***** Given information *****

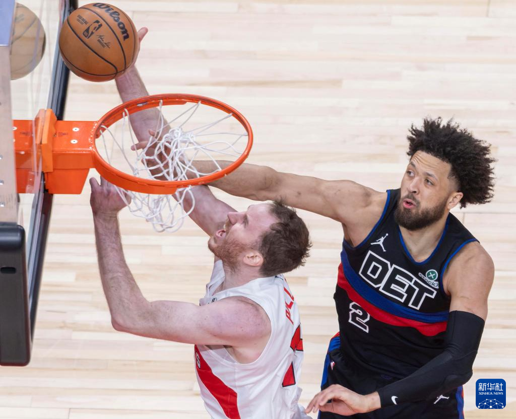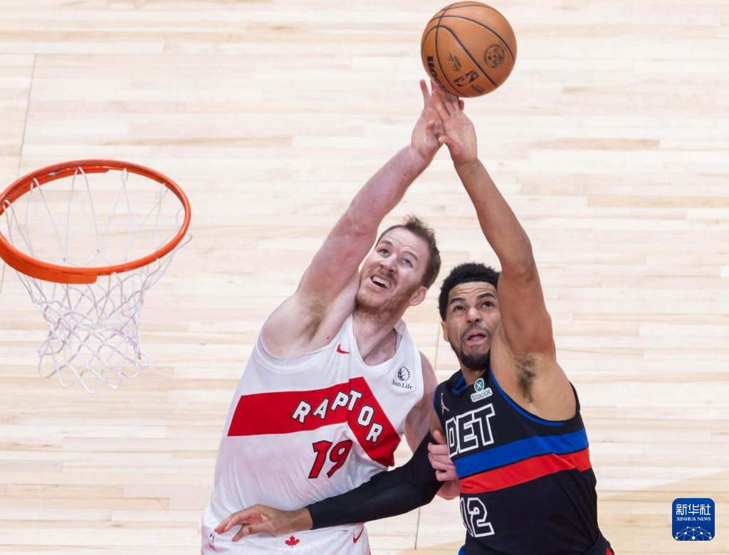 2月11日,猛龙队球员珀尔特尔(左)与活塞队球员哈里斯在比赛中争抢篮板球。
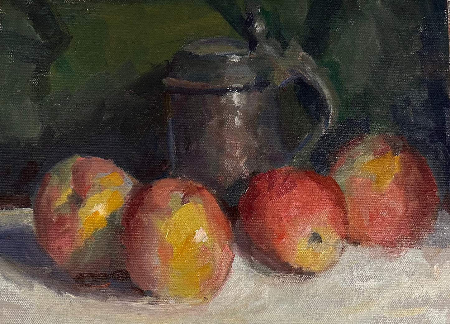 "Apples and Pewter" Oil on Canvas on Panel, 9 x 12 Inches by Susan Grisell
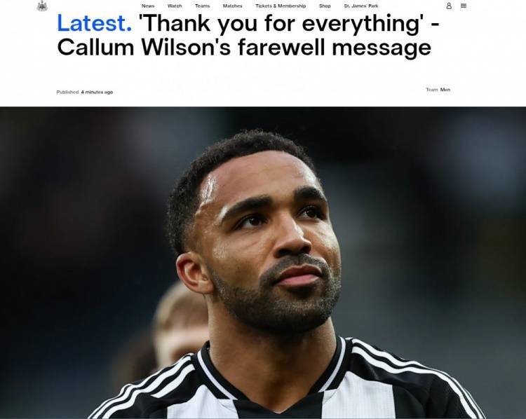 直播吧7月7日讯 纽卡斯尔官网消息,33岁的英格兰前锋卡勒姆-威尔逊合同到期,深情告别纽卡斯尔。
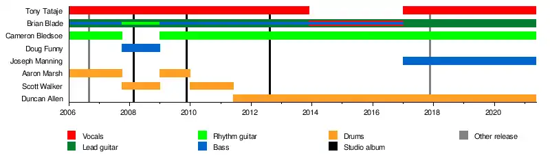 - Cameron Bledsoe – rhythm guitar (2006–2007, 2009–present)
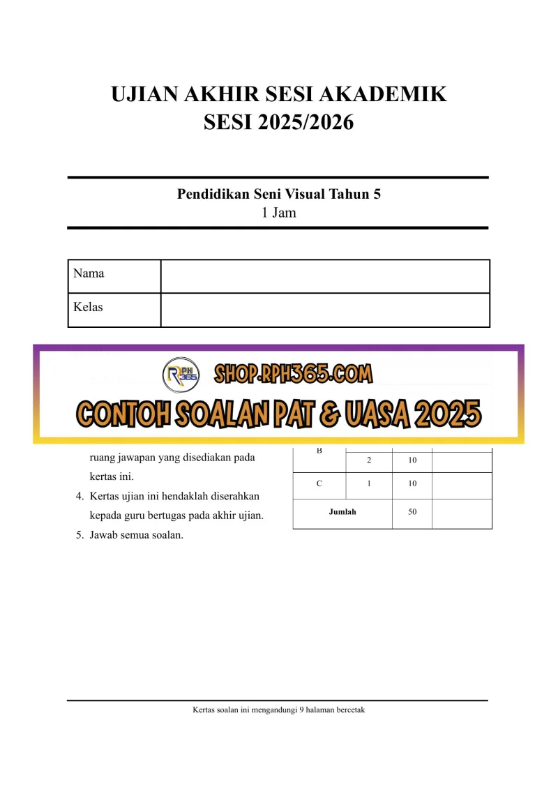 UASA 2025 PSV SK Tahun 5 by Cikgu Karina
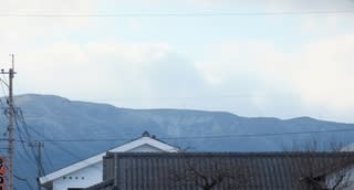 遠くの山々が 薄い真白いベールでおおわれています。
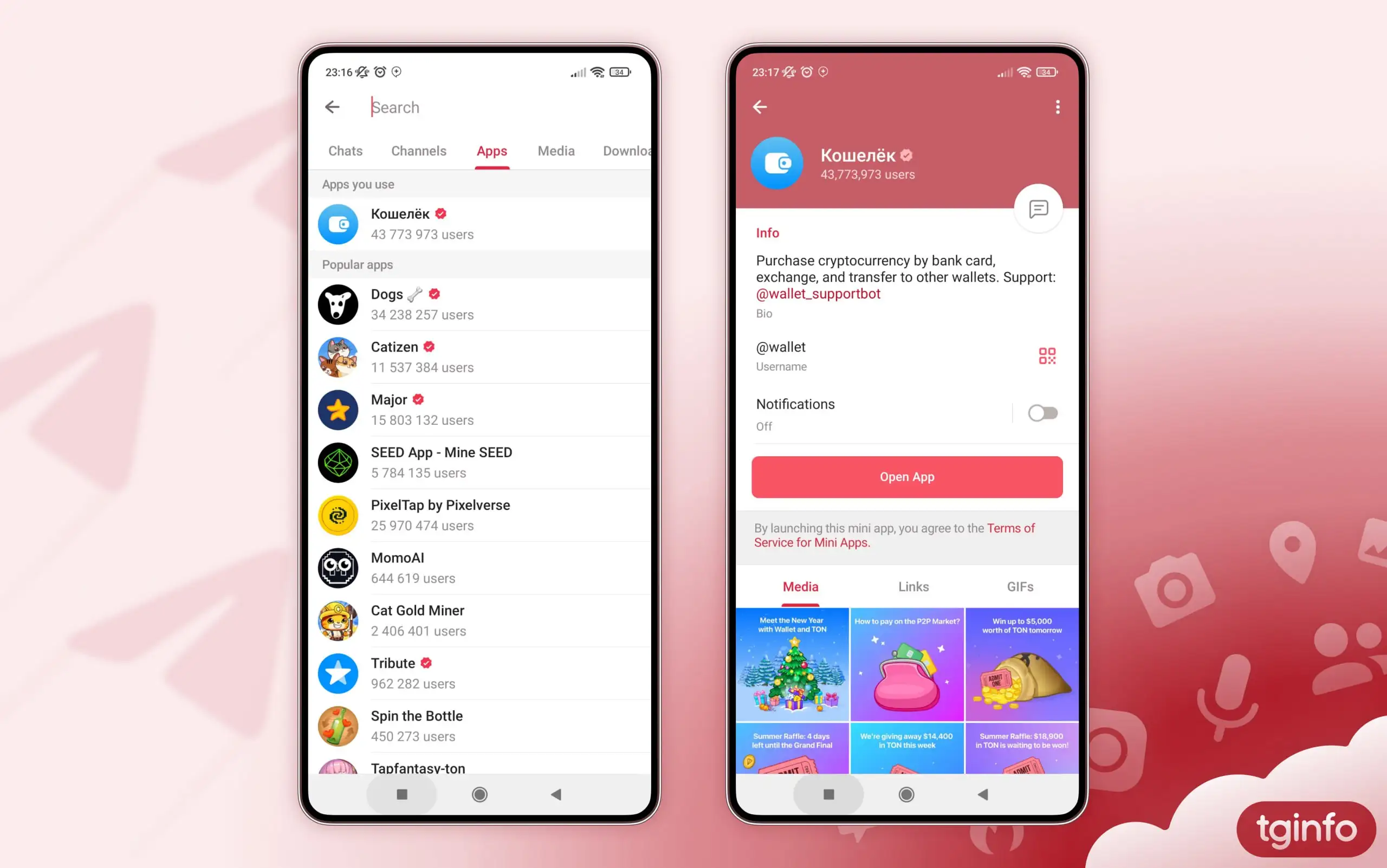Каталог мини-приложений, или маркетплейс, доступен через новую вкладку «Apps» на странице глобального поиска. Пользователи могут искать нужные приложения по названию, просматривать недавно использованные, а также ознакомиться с самым популярным контентом. Это нововведение делает доступ к приложениям внутри Telegram ещё проще и интуитивнее, что может повысить их популярность и использование.

*****

What you are asked to do =>
For this exercise, write the listing out again exactly, excluding all images.

Output for this exercise =>
 2月11日,猛龙队球员珀尔特尔(左)与活塞队球员哈里斯在比赛中争抢篮板球。
 "Apples and Pewter" Oil on Canvas on Panel, 9 x 12 Inches by Susan Grisell
 直播吧7月7日讯 纽卡斯尔官网消息,33岁的英格兰前锋卡勒姆-威尔逊合同到期,深情告别纽卡斯尔。
 - Cameron Bledsoe – rhythm guitar (2006–2007, 2009–present)
 UASA 2025 PSV SK Tahun 5 by Cikgu Karina
 遠くの山々が 薄い真白いベールでおおわれています。
Каталог мини-приложений, или маркетплейс, доступен через новую вкладку «Apps» на странице глобального поиска. Пользователи могут искать нужные приложения по названию, просматривать недавно использованные, а также ознакомиться с самым популярным контентом. Это нововведение делает доступ к приложениям внутри Telegram ещё проще и интуитивнее, что может повысить их популярность и использование.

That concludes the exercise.